# nuzzling/nudging vs. shoving



## MinnickVerse

I'm not sure about the rubbing thing, my horse does that too, I personally think its a bond thing, he doesn't do it to anyone but me (but he could just be trying to play with me somehow). But if they softly nudge you then their showing bonding, shoving their just trying to be mean. Again with the rubbing if they stop when you tell them to without hitting them, then it was just a bonding thing I think.


----------



## RED CHECKERS

MinnickVerse said:


> I'm not sure about the rubbing thing, my horse does that too, I personally think its a bond thing, he doesn't do it to anyone but me (but he could just be trying to play with me somehow). But if they softly nudge you then their showing bonding, shoving their just trying to be mean. Again with the rubbing if they stop when you tell them to without hitting them, then it was just a bonding thing I think.


yes, it must have been bonding then, which makes me very happy xD he doesn't respect any other of the riders at my barn, and is disliked by everyone but me. thank you!


----------



## pintophile

I personally don't allow any of it. A "friendly" nudge will progress to more forceful nudge, then to shove, then to running me over, then to all matter of disrespect. Horses start out with very subtle challenges of your leadership, and I take any sort of nudging or touching me (unless I invite it) as an unappreciated challenge. Even if it is friendly, I don't much like being used as a scratching post :wink: So, I just don't allow it.


----------



## Saddlebag

If you extend your arm, that is the space your pony is not allowed to invade under any circumstance. There is no need to hit him but you can certainly let him think you will. You need to start with just leading him and suddenly flap your elbow. (chicken dance). Keep him guessing as to when it will happen. This will teach him to stay out of your space. When you are brushing him or saddling, flap your elbows as a reminder. He doesn't want to get his face bumped so will become more mindful. When leading, give him about 3' of lead so he has room to stay away from your elbow. If you choke up on the lead, then this won't work.


----------



## RED CHECKERS

thanks guys! and yes, saddlebag, i demand he stay the entire lead rope length behind me at all times xD he's very, very good about that. he used to shove me into the fence with his head when i first started riding him, now he just touches me with his nose sometimes. and thanks pinny! i have read a lot about personal space, and i haven't allowed him to touch me at all since we've started cracking down on training, so he can show his affection in other ways xD thanks you guys!

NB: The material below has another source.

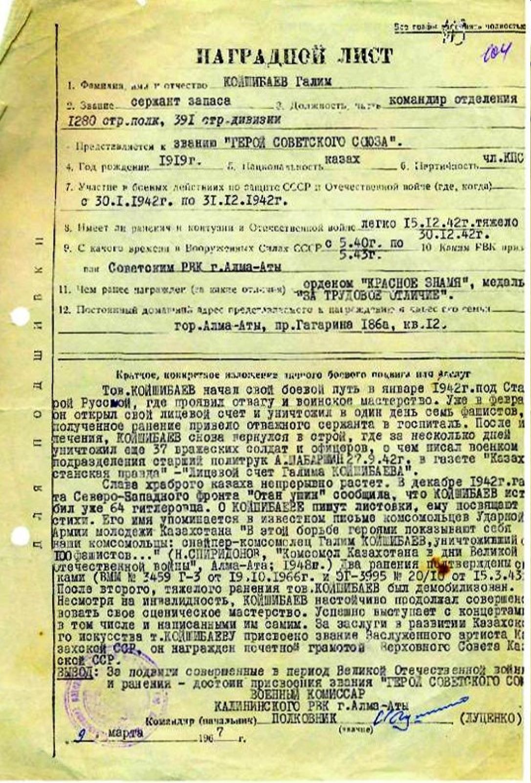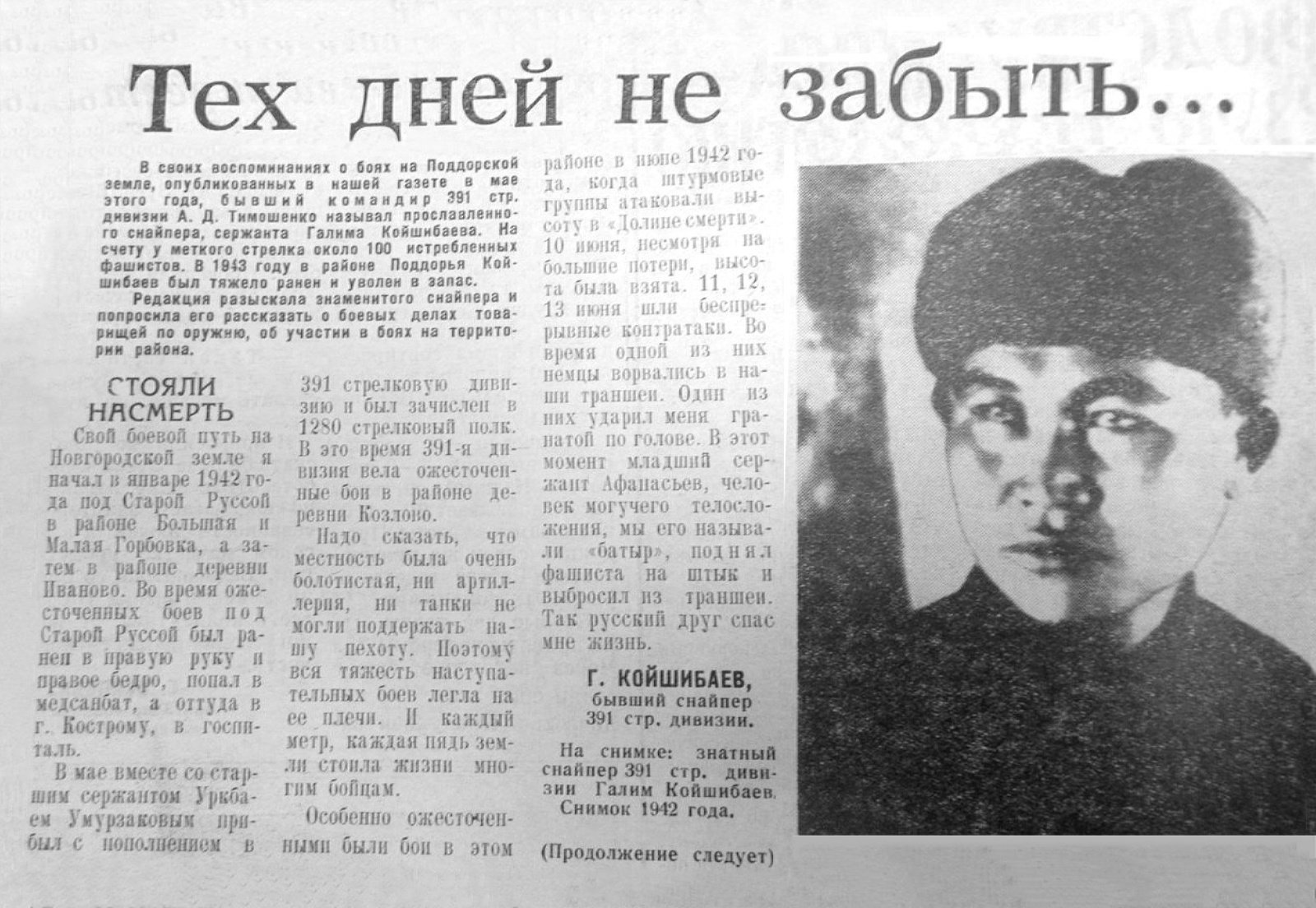 Красноармейская газета 391-й стрелковой дивизии "За Родину, за Сталина!" от 21 сентября 1942 года в статье "Следуйте примеру лучших снайперов" сообщает, что красноармеец Койшибаев уничтожил более 20 фашистов. Эта же газета всего через 4 дня (25 сентября) в статье "Мсти, воин!" приводит новую цифру - 37 убитых врагов, а через месяц - 64 фашиста...

and one more question: he tends to grind his teeth when he comes up to see me. whenever i go to get him, he greets me with a whinny and runs to the stall door excited to get out, but he never tries to escape. but he does grind his teeth or "chew" when i put his halter on and he does the same thing when i am grooming with him. any idea what this means? i heard it's anxiety. i don't do anything about it, i just go on with my mission and take him down to the barn. 

do you guys suggest any effective punishments when he's bad? sometimes he tries to get away with things and i can effectively reprimand him with the stud chain, but it's harder with a bridle. my trainer says to pull on it hard and slap his chest, which i do during lessons if he bucks me off. he hasn't done that recently, but a few days ago he tried to take off after my friend's horse during a group hack and i had to get firm with him. i just feel like yanking the reins isn't really doing anything. should i make him work more if he's being naughty?


----------



## tinyliny

Don't punish him, just tell him not to do it and tell him where he is to stand. So, if he is pushin on you with his head, reach over and with two fingers tap him good and hard on his jaw and use your fingers to move him off of you.
Then, if he starts moving toward you, turn toward him , raise your hand and say, "stay!" and kind of tap the air to push him back. If you do this when he barely moves and are very consistent about it, you can train him to stand in one place and not be up on you.

I know it'a kind of hard , about the head rubbing and nuzzling and such. I , too, have been told it is not wise to allow it, but I do. shame on me. I know that Mac is pretty good natured aobut it and just has an itchy face, but I insist that he wait until I have the halter off and a towel in my hand, which I then invite him to rub into. Small but crucial difference.


----------



## PaintHorseMares

RED CHECKERS said:


> my trainer enforces punishment and reward, not really natural horsemanship or praising only good behavior) but sometimes he just nudges me with his nose a bit. i want to know the difference between a friendly nuzzle, a meaningful nudge, and a violent shove. well, i know the latter, but the first two confuse me sometimes, because i don't want to punish him for being affectionate, especially when we are having such improvements in our relationship.


You'll get many different pieces of advice about this, and many folks maintain a very strict 'no entry/contact unless invited' zone around them, but the bottom line is that you can pick whatever space or contact you are comfortable with and your horse will respect that if consistently enforced. I personally prefer lots of 'touch time'/contact and very social horses. I don't want (or expect) our mares to avoid 'my space' as I move around, but instead do expect (and enforce) that they _behave with me and each other_ (no fussing, nipping, kicking, etc) while in/near my space. If one of our mares wants to gently rub her muzzle on my shoulder, I have no problem with that...if she were to lean on me like a scratching pole, I would shoo her away. 
Pick your limit, enforce it consistently, and you can have a _well behaved,_ _affectionate, and respectful_ horse.


----------



## hjracer

When you are dealing with horses, especially horses that have had an issue with being disrespectful in the past, you need to be very consistent with what you allow. If you sometimes let him nudge you and sometimes you don't, you will only confuse him. Personally, I don't let my horse lean on me or nudge my with his nose. To stop it, I will flap my elbow and let him bump into it or I will use my hand to bump his jaw away. IMPORTANT: You are not hitting him for being bad. You are making it uncomfortable for him to lean on you or rub on you. You need to be the leader in your relationship, and you don't see a horse that is low on the totem pole walking up to the lead horse and using him as a scratching post. This isn't being mean and it won't make him like you any less. If you need to bump him, once he stops rubbing rub him on the face with your hand. That way, you don't need to worry about him getting head shy or anything. If he starts to lean on you while you are rubbing him, bump with your hand. You can rub him, but he can't rub you. once he understands this, he will be content to follow you as a leader.


----------



## RED CHECKERS

thanks guys! all this information is very helpful <3


----------